When the Atlanta Braves lost three of four to the Dodgers last week, I was very close to saying, “That’s all, folks.” (And I’m normally pretty cautious about such proclamations, having been wrong so often.) The Braves had gone 0-8 on the West Coast and had come home to lose four of seven. They’d gone 3-12 at a time when you don’t need to be going 3-12.
They were one game above .500. They were six games behind Washington in the National League East. They’d fallen to fourth in the wild-card pecking order. They had nothing going for them, and they were about to face the Oakland A’s, holders of the best record in baseball. But look now.

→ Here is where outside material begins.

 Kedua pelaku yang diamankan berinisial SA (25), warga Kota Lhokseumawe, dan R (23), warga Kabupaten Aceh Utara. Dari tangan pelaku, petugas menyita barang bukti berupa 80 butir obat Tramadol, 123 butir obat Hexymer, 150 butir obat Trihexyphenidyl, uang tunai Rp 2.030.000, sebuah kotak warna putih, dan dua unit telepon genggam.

They swept the A’s. They’ve twice steamrolled the Pirates, who entered the week tied with the Braves in the wild-card standings, winning by the aggregate score of 18-6. (As we know, whole weeks have passed without this team scoring 18 runs.) They’ve drawn even with the Giants for the second wild-card spot.
The team that was all but done has roused itself. Some will point to Freddie Freeman’s pregame message — “We’ve got to go; the time is now” — before Game 1 against Oakland. Some will point to his three-run homer later that night. Some will point to Phil Gosselin’s insertion into the starting lineup. Some will point to Jason Heyward batting leadoff again. Some, rightly, will point to the nature of the sport itself: Just because a baseball team loses eight in a row doesn’t mean it will lose the next eight or the next 80.

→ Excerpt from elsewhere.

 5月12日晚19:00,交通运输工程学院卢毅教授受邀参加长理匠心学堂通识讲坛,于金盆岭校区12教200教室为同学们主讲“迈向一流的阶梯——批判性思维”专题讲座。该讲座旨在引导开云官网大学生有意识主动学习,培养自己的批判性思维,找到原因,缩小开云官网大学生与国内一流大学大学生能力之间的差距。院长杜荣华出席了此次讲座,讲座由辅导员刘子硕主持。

Me, I’d point to Justin Upton. He’s 8-for-19 with three home runs and eight RBI’s over these five games. The first home came in the first inning of Game 1 against Oakland and set the tone. The next put the Braves ahead to stay against Jon Lester in Game 3. The next, a three-run shot, broke open Tuesday’s game.
Not to put to fine a point on it, but this is why the Braves traded for Justin Upton. He’s a major talent. He’s capable of carrying a team. He did it in April 2013, a month that essentially won the NL East for the Braves. He’s doing it now. When he gets going, he’s really something.